Coors light, that is just canned rocky mountain water!!!!!


----------



## RJJ (Sep 23, 2012)

I put in my dates and the computer said No way! Thats older than dirt!


----------



## cda (Sep 23, 2012)

Well at least you can still hold a code book and use it at twenty paces


----------



## fatboy (Sep 23, 2012)

wow......now I do feel old.......

Get better JP! Coors light......it's like making love in a canoe, both f#@?ing near water......haha.


----------



## conarb (Sep 23, 2012)

I win, *Today is day #28,122*


----------



## Durant (Sep 23, 2012)

Conarb,

Your just too onery to die, old friend.


----------



## fatboy (Sep 23, 2012)

I agree............


----------



## jpranch (Sep 23, 2012)

conarb said:
			
		

> I win, *Today is day #28,122*


19910. Ya, now I feel better.


----------



## RJJ (Sep 24, 2012)

28 thousand days! I don't believe you filled in the blank correctly!


----------



## codeworks (Sep 24, 2012)

haha just over 19650, still wet behind the ears i quess. i feel good!


----------



## globe trekker (Sep 24, 2012)

> 28 thousand days! I don't believe you filled in the blank correctly!


28,122 days / 365.25 days = 76.99 yrs..


----------



## Papio Bldg Dept (Sep 24, 2012)

13,879 days young.   Even younger if that doesn't include year 13 when my mother swore up and down I was good for nothing zombie...and there might have been a few Saturdays during college that was not very alive either.


----------



## Coug Dad (Sep 24, 2012)

20,361.  I never realized them number of neophytes on this site.


----------



## David Henderson (Sep 24, 2012)

23,517 here. jp not to worry a couple thousand more days, and you will have enough anti freeze in your system, and you won't feel so puny.


----------



## ewenme (Sep 24, 2012)

23, 748...and still counting.  Suddenly I'm feeling not so old! Just remember, it's a number. I only feel like 6, 935!


----------



## tmurray (Sep 24, 2012)

You guys are OOOOLLLLLLDDDD!!  Day 9,810 here.


----------



## David Henderson (Sep 24, 2012)

Old age and deceit, will over come youth and skill every time.


----------



## Coug Dad (Sep 24, 2012)

Youth is wasted on the young


----------



## conarb (Sep 24, 2012)

Globe Trekker said:
			
		

> 28,122 days / 365.25 days = 76.99 yrs.


Exactly right, I'll be 77 in two days, now if you'll excuse me I've got to go to work, nobody is ever going to be paying me a pension and I've got tons of taxes to pay to support others who work for the government, retire, etc.


----------



## Durant (Sep 24, 2012)

24,963 good grief.


----------



## mtlogcabin (Sep 24, 2012)

tmurray said:
			
		

> You guys are OOOOLLLLLLDDDD!!  Day 9,810 here.


Ah Yes I remeber those where the days when I was 9,810 days old, single, traveling all summer with the race bikes, We would drive between 10 to 15 thousand miles per summer between the middle of May till the end of October.
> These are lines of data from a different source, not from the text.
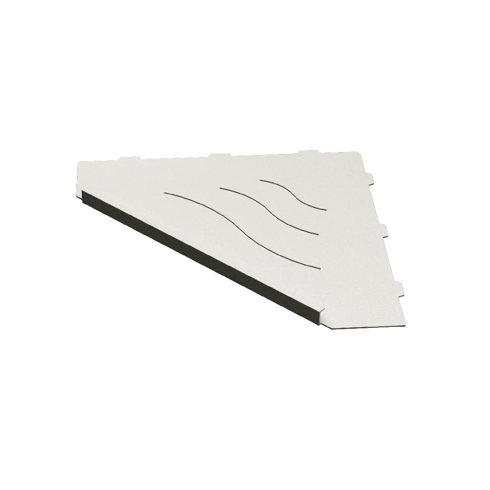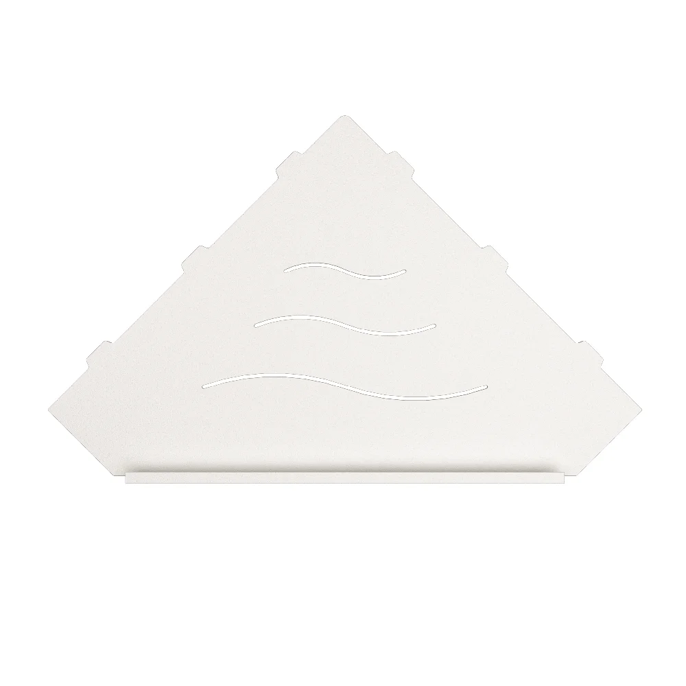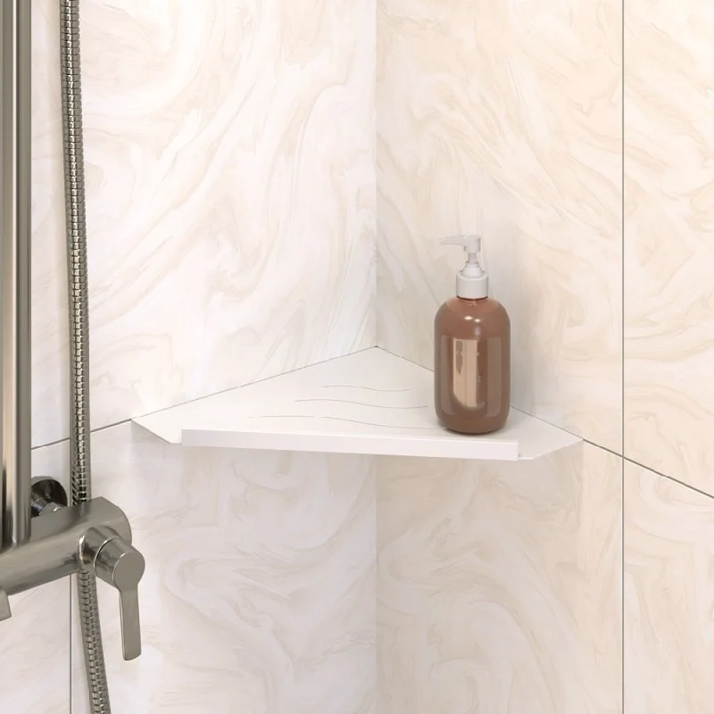 Полки для душевой зоны, разработанные специально для монтажа после завершения ремонта, т. е. укладки плитки. Легко устанавливаются в любые угловые зоны в помещении, для этого прорезается шов между плитками, далее полочка вклеивается между плиткой на любой бытовой герметик.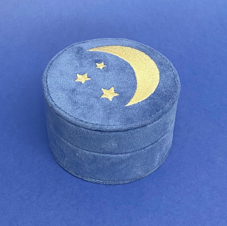 A small jewelry box with a moon and stars motif. Read more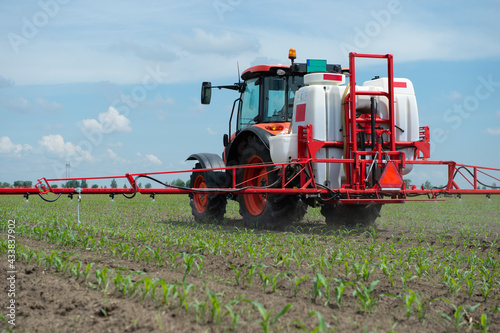 Fototapeta premium Tractor spraying pesticides at corn fields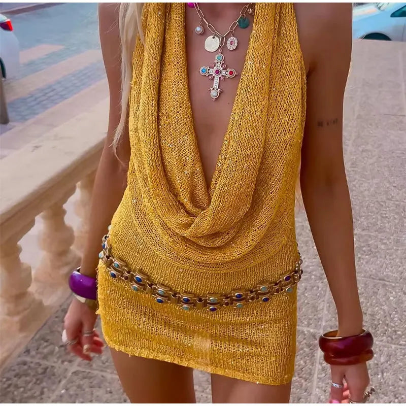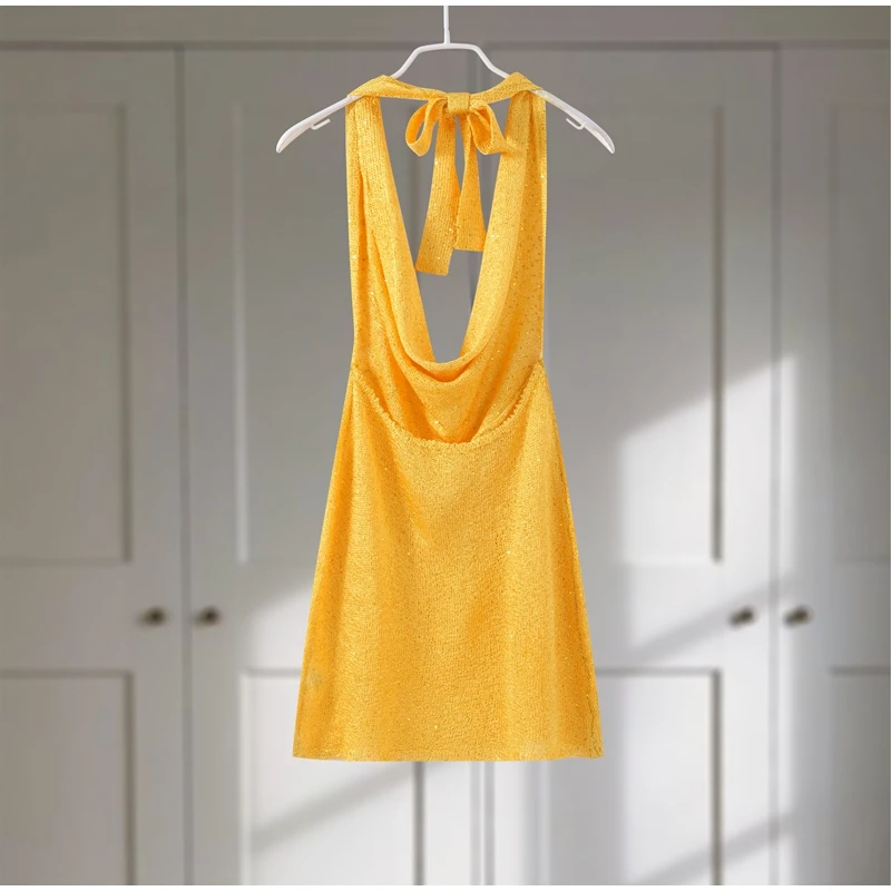שמלת מיני פאייטים בגזרת הלטר ✨

We travelled from Fl to upstate New York, west to Sturgis and down through the midwest of Kansas & Missouri.  I wouldn't trade those days for anything different. Fond memories.

Today is day #21,332 for me so my advice to you young wiper snapper is enjoy life and live life but don't abuse the life that has been given you. :cheers


----------



## cda (Sep 24, 2012)

Hay at least they do not compute in dog years!!!!!!!!!!!!!!


----------



## cda (Sep 24, 2012)

conarb said:
			
		

> Exactly right, I'll be 77 in two days, now if you'll excuse me I've got to go to work, nobody is ever going to be paying me a pension and I've got tons of taxes to pay to support others who work for the government, retire, etc.


we thank you for your service to us,

just thank if you saved $ 50 for each day you were alive!!! you could almost retire!!!


----------



## steveray (Sep 24, 2012)

Today is day #14,147.......I am more than half the man Conarb is.....!


----------



## GBrackins (Sep 24, 2012)

Coug Dad said:
			
		

> Youth is wasted on the young


My mom used to tell me that when I was a teenager, I didn't under stand it til my kids were teenagers .... #20105 for me


----------



## Alias (Sep 24, 2012)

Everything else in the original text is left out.